Net profit for the first quarter was 627m yuan ($91m), down from 1.24bn yuan in the same period last year. Full-year 2008 net profits had fallen 85 per cent to Rmb656m. The quarterly profits reversed fourth-quarter losses, but SAIC said the outlook for the full year "is not optimistic with lots of uncertainties ahead."
The carmaker said it expected to sell 1.8m vehicles this year, down from 1.83m in 2008. SAIC said it expected the China vehicle market also to be flat this year, at 9.35m vehicles, well below a government target of 10m vehicles.
SAIC's comments, which came as the Shanghai motor show ended on Tuesday, contrasted with more optimistic forecasts from several foreign carmakers, including SAIC's joint-venture partner, General Motors. The US carmaker said recently that it expected the China vehicle market to grow by 5 to 10 per cent this year.
GM and Volkswagen, SAIC's other foreign joint- venture partner, both reported unexpectedly strong vehicle sales in the first quarter.

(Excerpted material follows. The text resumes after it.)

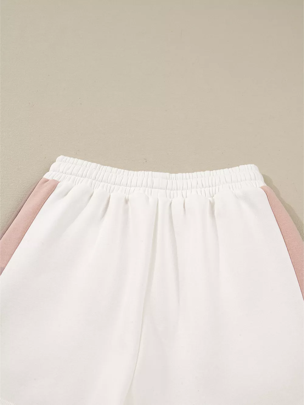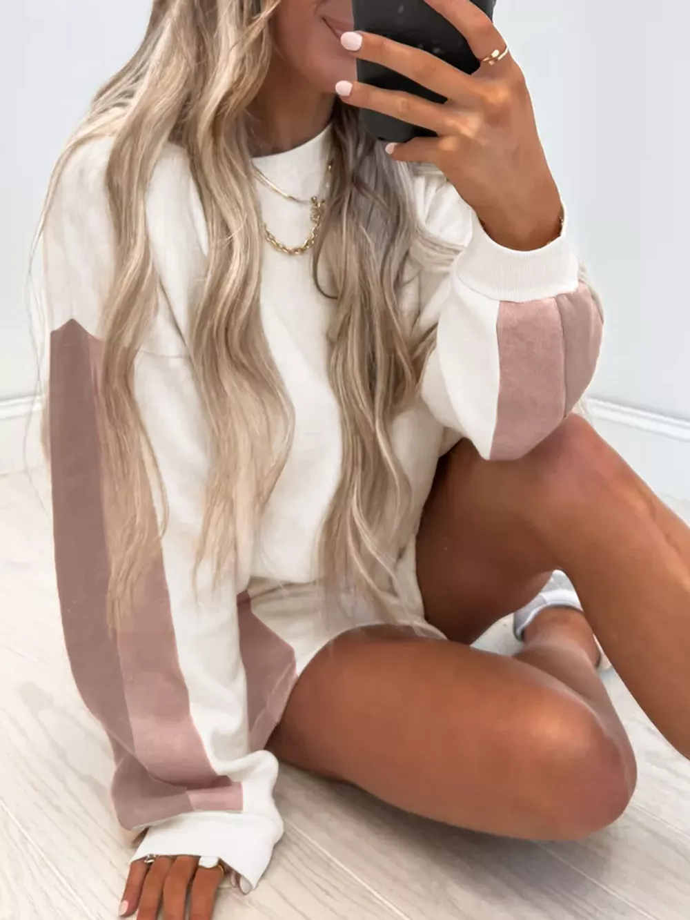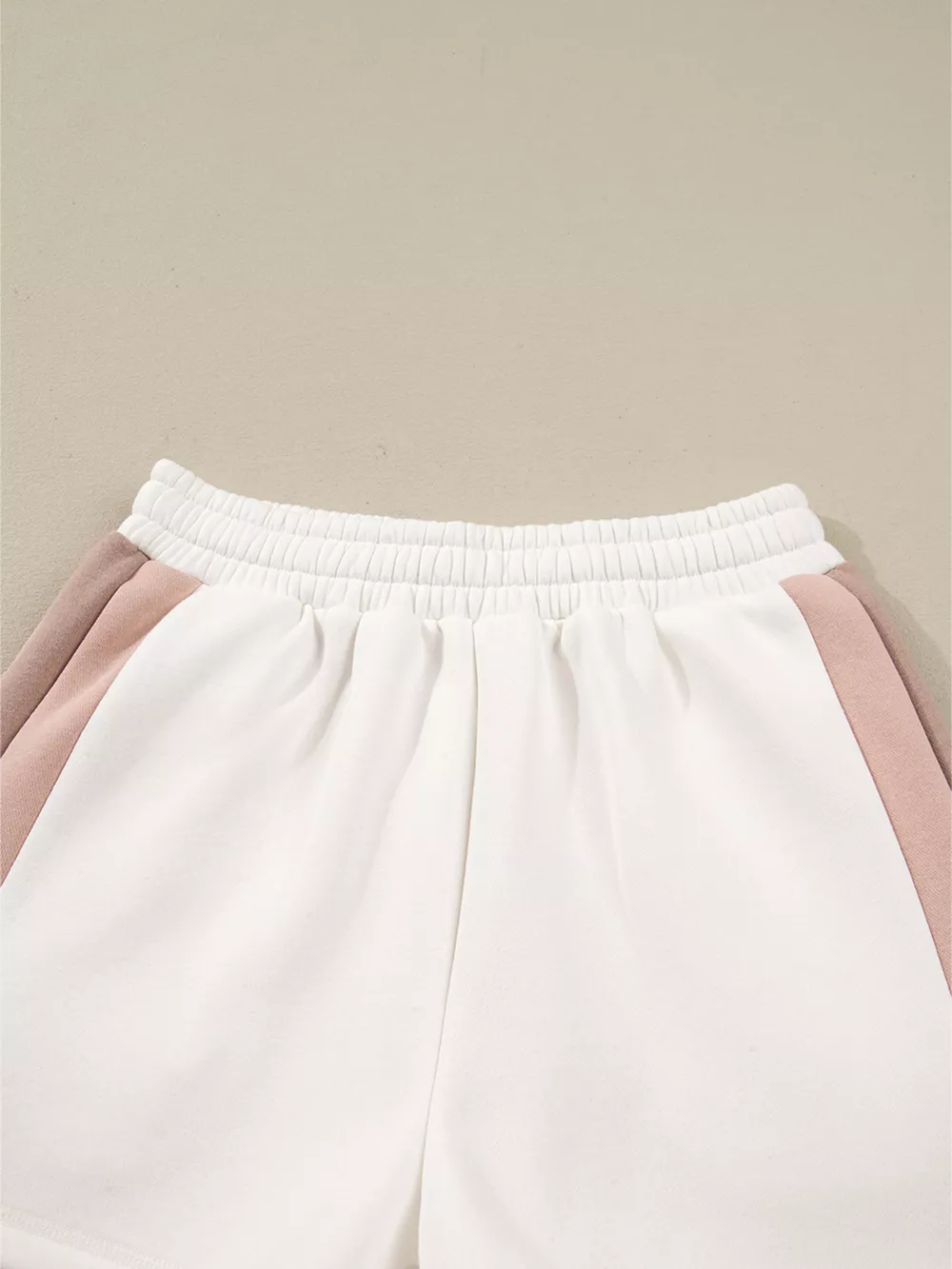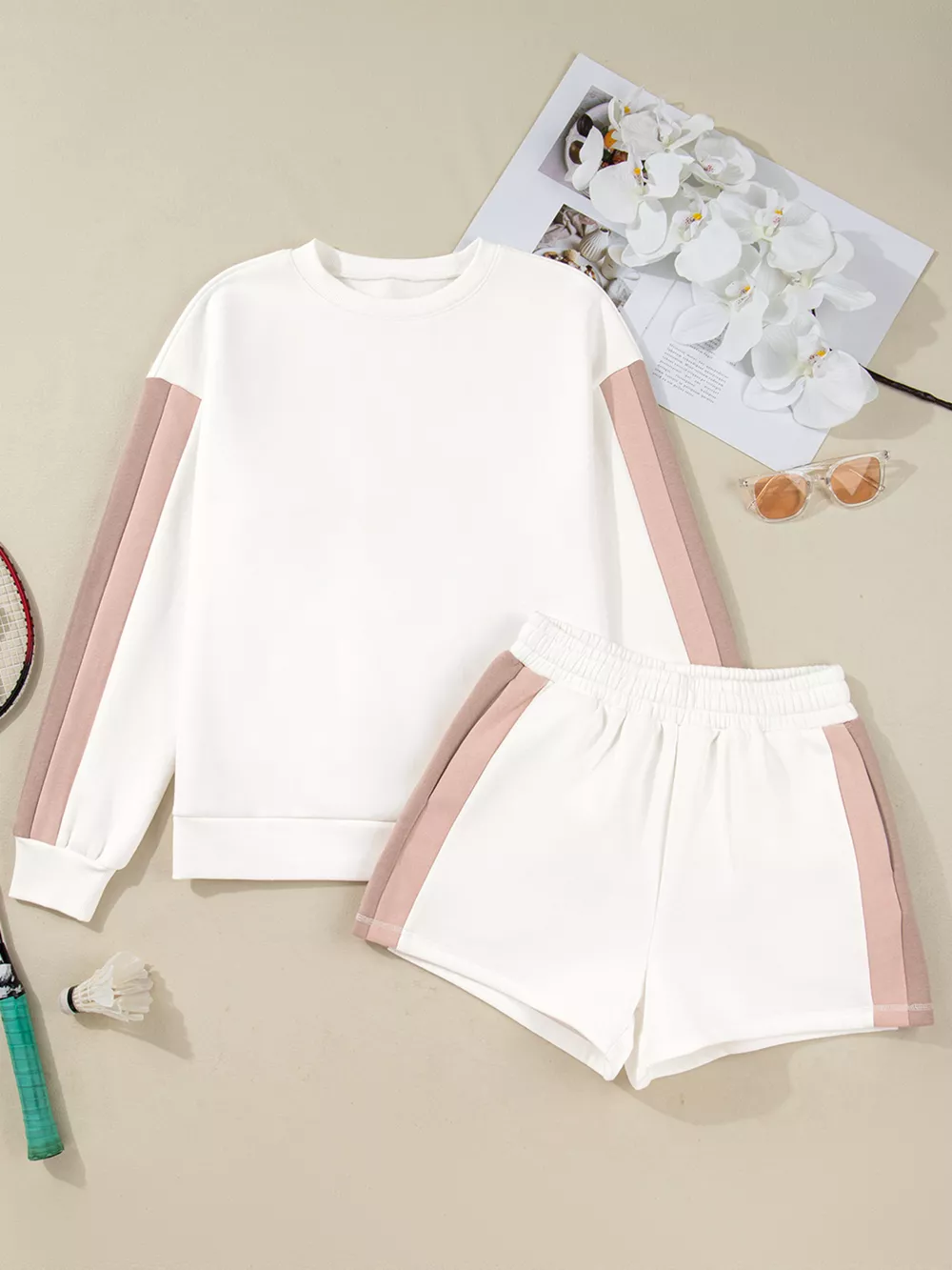 Color Block Patchwork Drop Shoulder Pullover and Shorts Set

SAIC also makes MG own-brand cars after acquiring brands and technology from MG Rover.
Sales of passenger vehicles in China in March rose 10 per cent from a year earlier, and total vehicle sales reached a record. The vehicle market was boosted strongly in the first quarter by government tax cuts for small cars and subsidies for rural buyers.
JD Power, the car consultancy, recently revised its forecast for China passenger car sales upward by about five percentage points, due to strong first-quarter sales, but the consultancy is still expecting only low single-digit growth this year.
Motor industry analysts and car companies are divided over whether the China car market has bottomed out, and whether strong sales can be sustained throughout the year.
Yao Hongguang, a motor industry analyst at United Securities, said the fall in SAIC's 2008 profit was not unexpected given the sensitivity of the Chinese motor industry to the economic downturn at the end of last year.
SAIC spent heavily last year on developing own brand cars, sales of which rose four-fold to 18,000 last year. Mr Yao said SAIC's 2008 earnings were also hit by provisions made for its South Korean subsidiary Ssangyong Motor, which is now under court receivership.